• Records supplied
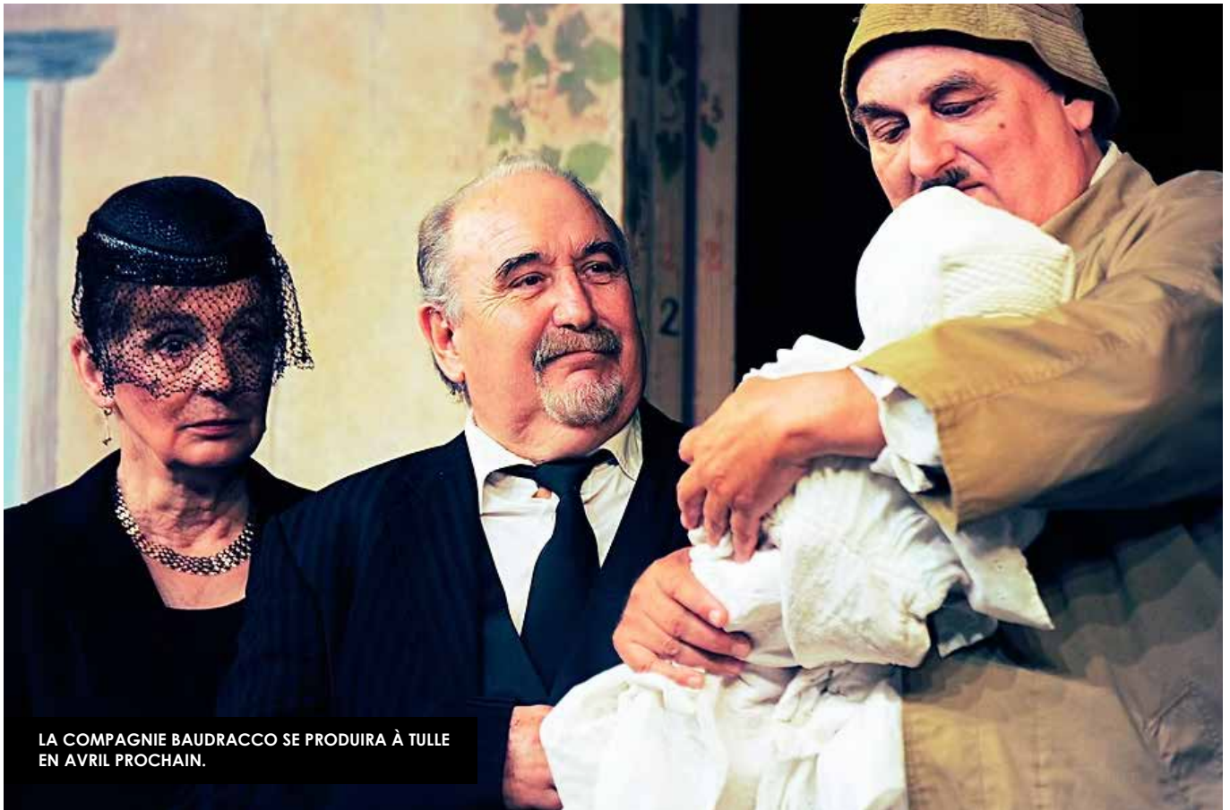
LA COMPAGNIE BAUDRACCO SE PRODUIRA À TULLE EN AVRIL PROCHAIN.
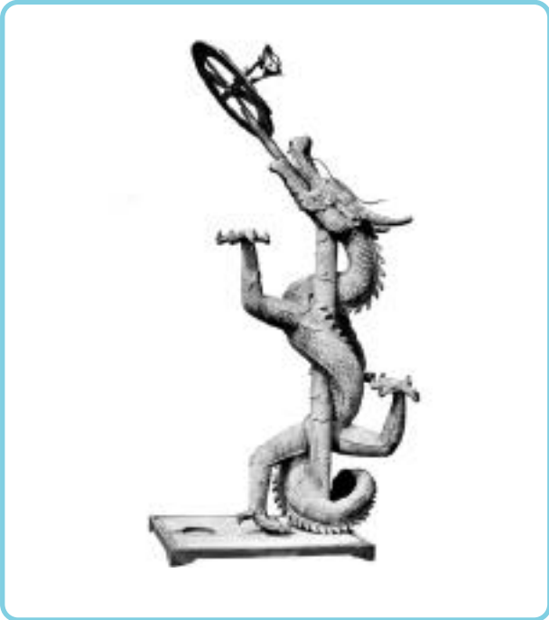
百刻環), (星晷百刻環) (每度) 4 (周天度:公轉度) (百刻: 12 ) (每刻) 6 (小定時儀)
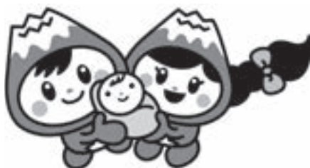
富士見市マスコットキャラクター ふわっぴー

一次申込分は平成29年2月10日(金)までに、二次申込分は3月10日(金)までに結果通知を郵送する予定です。
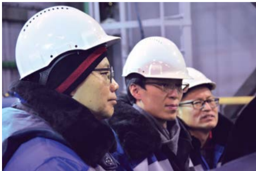
На территории КС-10

С 13 по 15 декабря в ООО «Газпром трансгаз Ухта» прошла рабочая встреча группы по научно-техническому сотрудничеству ПАО «Газпром» с компанией из Южной Кореи «КОГАЗ».
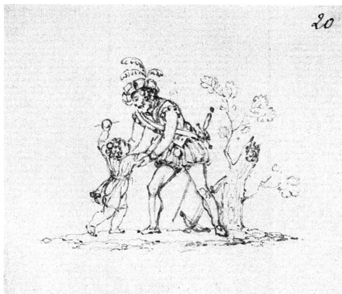
Abb.2 Tell und Knabe, von Marquard Wocher, 1798. Bleistiftzeichnung, 5,5 × 5 cm. Basel, Kupferstichkabinett.

Die Kantone und einzelnen Verwaltungsstellen liessen sich von anderen Künstlern Siegel und Briefköpfe gestalten, die sich in ihren Motiven nicht wesentlich von Wochers Entwürfen unterschieden. – Die staatlichen Organe hatten kein Geld für grosse Aufträge mit helvetischen Themen wie Denkmäler, Gemälde oder ähnliches, und private Sammler waren daran offensichtlich nicht interessiert. So konnte sich abgesehen von einer wahren Tellenflut eine helvetische Ikonographie nur bescheiden und kaum über den Bereich der
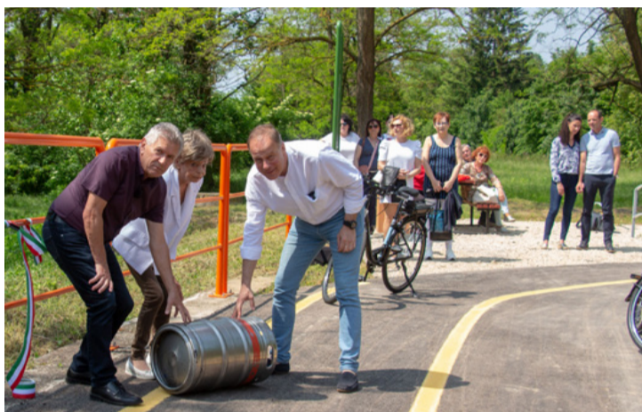
Újra gurult a hordó
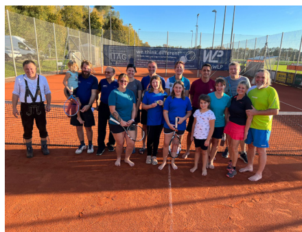
Oktoberfest im Herbst
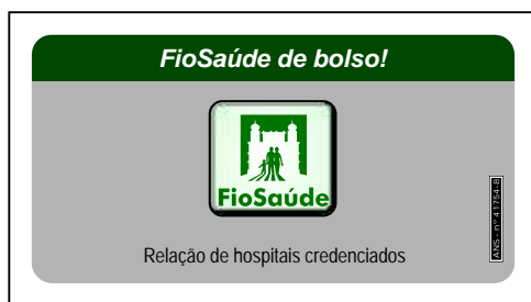
FioSaúde de Bolso traz comodidade nas emergências

Com isso, a Caixa de Assistência preparou um folheto destinado a titulares que residem no Rio de Janeiro, Belo Horizonte, Brasília, Curitiba, Manaus, Recife e Salvador. É o FioSaúde
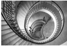
Helsingin kaupungin- museo: Art Nouveau & Ecology
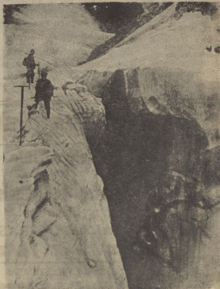
Pirineos Glaciar del Aneto

Para adquirir Confetis y Serpentinillas Papelería DIARIO DE HUELVA
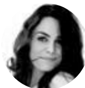
Francesca Petretto Attrice
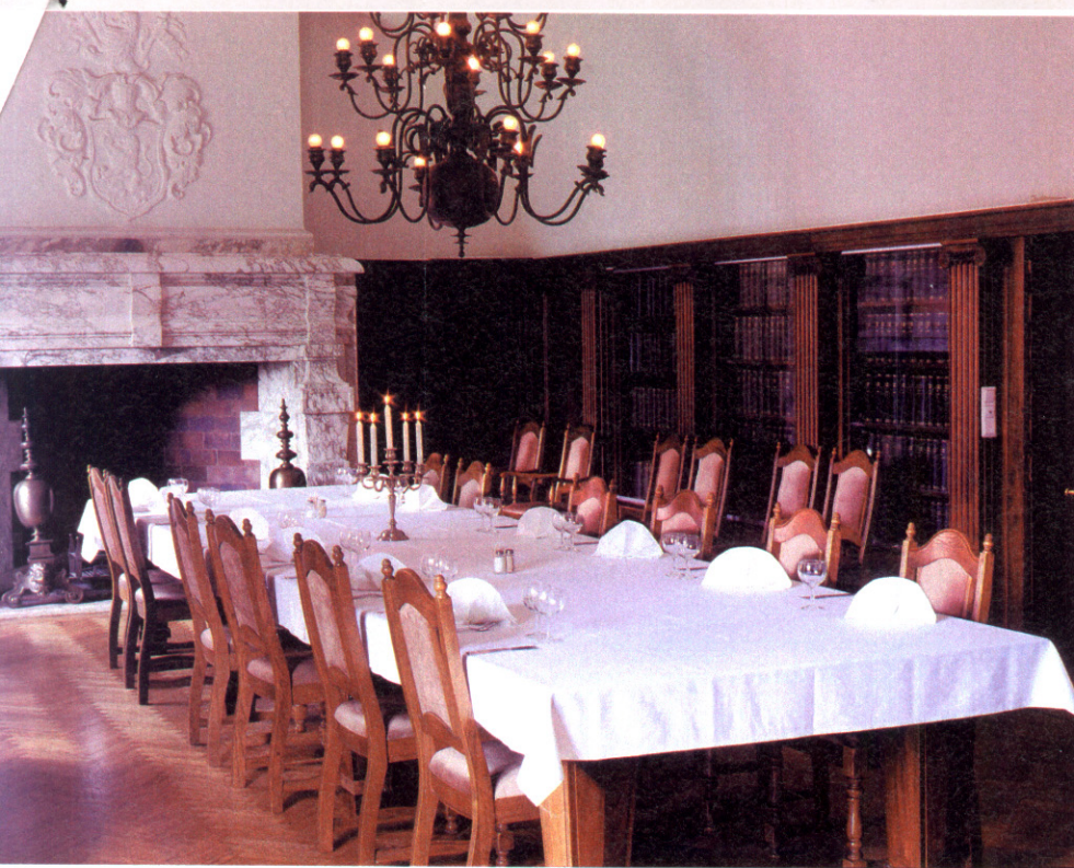
Ruokasali on alkuperäisessä asussaan. Sen seinäpaneelit ovat intialaisesta mahongista.

– Linna on pyritty palauttamaan mahdollisimman lähelle alkuperäisasuaan ja -tunnelmaa. Vierailu linnassa on elämys, joka ylittää normaalin arjen, toteaa Walkamo.
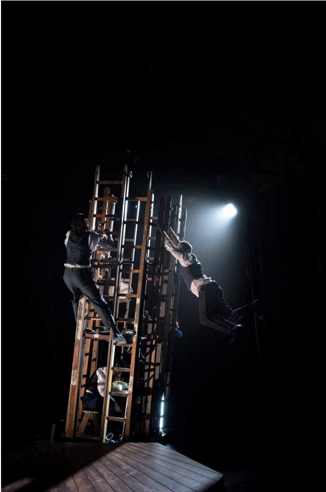
Lalka, hepaleis – Michal Gejzen
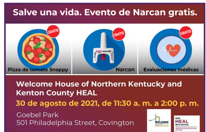
Gráfico de ejemplo en redes sociales para un evento recurrente de OEND (arriba) y un acercamiento de la OEND con una agencia asociada (abajo).
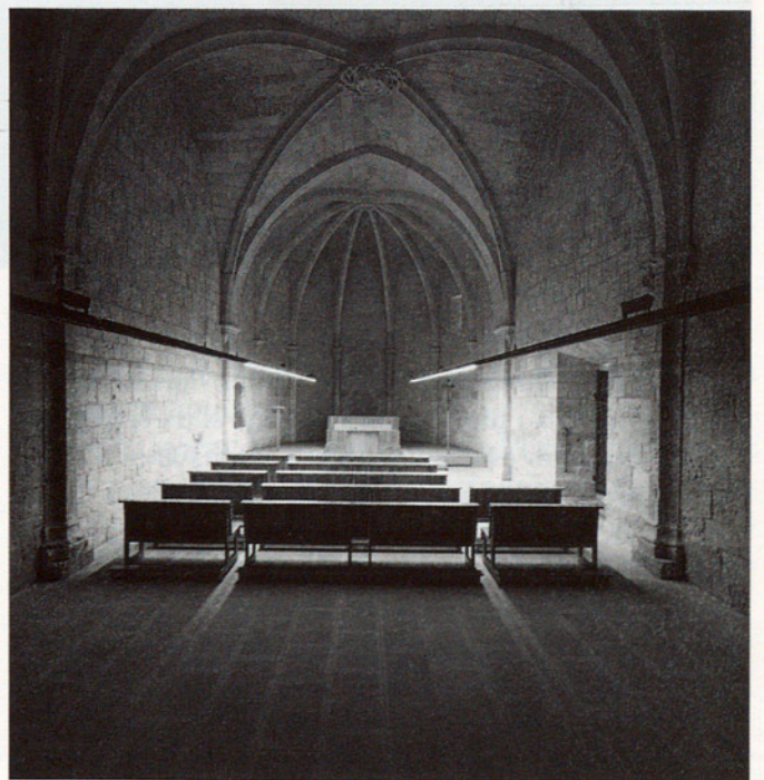
ESGLÉSIA DE SANTA CÀNDIA D'ORPÍ. NAU.
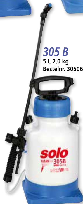
305 B 5 l, 2,0 kg Bestelnr. 30506
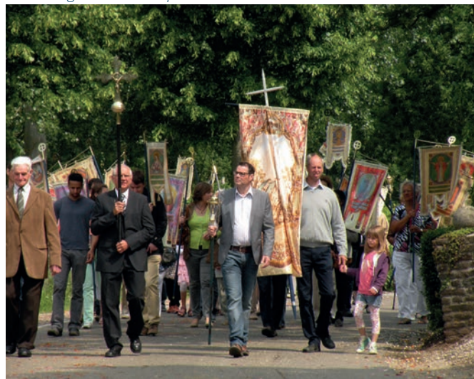
2013 - Begin Sacramentsprocessie

door vier kerkmeesters. Verder liepen natuurlijk ook mee: het processiekruis voorop, de fanfare, de bruidjes, de misdienaars (zwaaiend met het wierookvat), de flambouwen en alle verenigingen met hun prachtige vaandels. Langs de route werden diverse rustaltaren opgericht bij o.a. de Syperhof, waar op de binnenplaats als aankleding laurier- en oranjeboompjes in kuipen stonden en bij een veldkruis onder vier hoge kastanjabomen of bij het H. Hartbeeld voor de oude pastorie. Na een korte plechtigheid werd dan telkens de zegen gegeven. In de deuropening of achter het raam van vele woningen plaatsten de bewoners H.Hartbeelden, omringd door brandende kaarsen en bloemen, op mooi geborduurde kanten kleedjes. Veel mensen uit de grote omtrek komen deze processie nog altijd bewonderen.
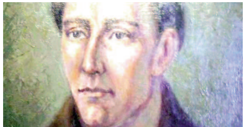
Fray Luis Beltrán murió el 8 de diciembre de 1827.

De hecho, inventó "las zorras", carros angostos de cuatro ruedas tirados por caballos con los cuales cruzó los cañones
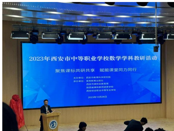
参加2023年西安市中等职业学校英语、数学教科研活动
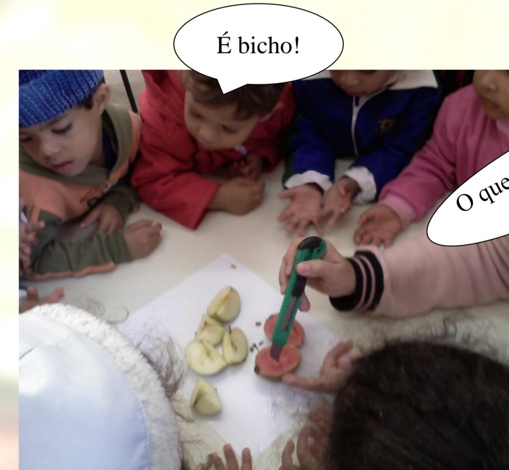
Figura 2 – Observação da maçã e da goiaba
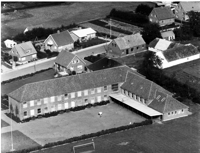
Aabybro Centralskole og førstelærerboligen i baggrunden

Det oplyses, at de samlede anlægsudgifter ville løbe op i svimlende 51 mio. kr. – og svimmelheden forstår man måske bedre, når man via forbrugerprisindekset i Danmarks Statistik omregner tallet til 2021 værdi, som lyder på hele 781 mio. kr...!

• What is being asked
Exactly as written, copy out the listing, but without any pictures.

• Worked solution
LA COMPAGNIE BAUDRACCO SE PRODUIRA À TULLE EN AVRIL PROCHAIN.
百刻環), (星晷百刻環) (每度) 4 (周天度:公轉度) (百刻: 12 ) (每刻) 6 (小定時儀)
富士見市マスコットキャラクター ふわっぴー

一次申込分は平成29年2月10日(金)までに、二次申込分は3月10日(金)までに結果通知を郵送する予定です。
На территории КС-10

С 13 по 15 декабря в ООО «Газпром трансгаз Ухта» прошла рабочая встреча группы по научно-техническому сотрудничеству ПАО «Газпром» с компанией из Южной Кореи «КОГАЗ».
Abb.2 Tell und Knabe, von Marquard Wocher, 1798. Bleistiftzeichnung, 5,5 × 5 cm. Basel, Kupferstichkabinett.

Die Kantone und einzelnen Verwaltungsstellen liessen sich von anderen Künstlern Siegel und Briefköpfe gestalten, die sich in ihren Motiven nicht wesentlich von Wochers Entwürfen unterschieden. – Die staatlichen Organe hatten kein Geld für grosse Aufträge mit helvetischen Themen wie Denkmäler, Gemälde oder ähnliches, und private Sammler waren daran offensichtlich nicht interessiert. So konnte sich abgesehen von einer wahren Tellenflut eine helvetische Ikonographie nur bescheiden und kaum über den Bereich der
Újra gurult a hordó
Oktoberfest im Herbst
FioSaúde de Bolso traz comodidade nas emergências

Com isso, a Caixa de Assistência preparou um folheto destinado a titulares que residem no Rio de Janeiro, Belo Horizonte, Brasília, Curitiba, Manaus, Recife e Salvador. É o FioSaúde
Helsingin kaupungin- museo: Art Nouveau & Ecology
Pirineos Glaciar del Aneto

Para adquirir Confetis y Serpentinillas Papelería DIARIO DE HUELVA
Francesca Petretto Attrice
Ruokasali on alkuperäisessä asussaan. Sen seinäpaneelit ovat intialaisesta mahongista.

– Linna on pyritty palauttamaan mahdollisimman lähelle alkuperäisasuaan ja -tunnelmaa. Vierailu linnassa on elämys, joka ylittää normaalin arjen, toteaa Walkamo.
Lalka, hepaleis – Michal Gejzen
Gráfico de ejemplo en redes sociales para un evento recurrente de OEND (arriba) y un acercamiento de la OEND con una agencia asociada (abajo).
ESGLÉSIA DE SANTA CÀNDIA D'ORPÍ. NAU.
305 B 5 l, 2,0 kg Bestelnr. 30506
2013 - Begin Sacramentsprocessie

door vier kerkmeesters. Verder liepen natuurlijk ook mee: het processiekruis voorop, de fanfare, de bruidjes, de misdienaars (zwaaiend met het wierookvat), de flambouwen en alle verenigingen met hun prachtige vaandels. Langs de route werden diverse rustaltaren opgericht bij o.a. de Syperhof, waar op de binnenplaats als aankleding laurier- en oranjeboompjes in kuipen stonden en bij een veldkruis onder vier hoge kastanjabomen of bij het H. Hartbeeld voor de oude pastorie. Na een korte plechtigheid werd dan telkens de zegen gegeven. In de deuropening of achter het raam van vele woningen plaatsten de bewoners H.Hartbeelden, omringd door brandende kaarsen en bloemen, op mooi geborduurde kanten kleedjes. Veel mensen uit de grote omtrek komen deze processie nog altijd bewonderen.
Fray Luis Beltrán murió el 8 de diciembre de 1827.

De hecho, inventó "las zorras", carros angostos de cuatro ruedas tirados por caballos con los cuales cruzó los cañones
参加2023年西安市中等职业学校英语、数学教科研活动
Figura 2 – Observação da maçã e da goiaba
Aabybro Centralskole og førstelærerboligen i baggrunden

Det oplyses, at de samlede anlægsudgifter ville løbe op i svimlende 51 mio. kr. – og svimmelheden forstår man måske bedre, når man via forbrugerprisindekset i Danmarks Statistik omregner tallet til 2021 værdi, som lyder på hele 781 mio. kr...!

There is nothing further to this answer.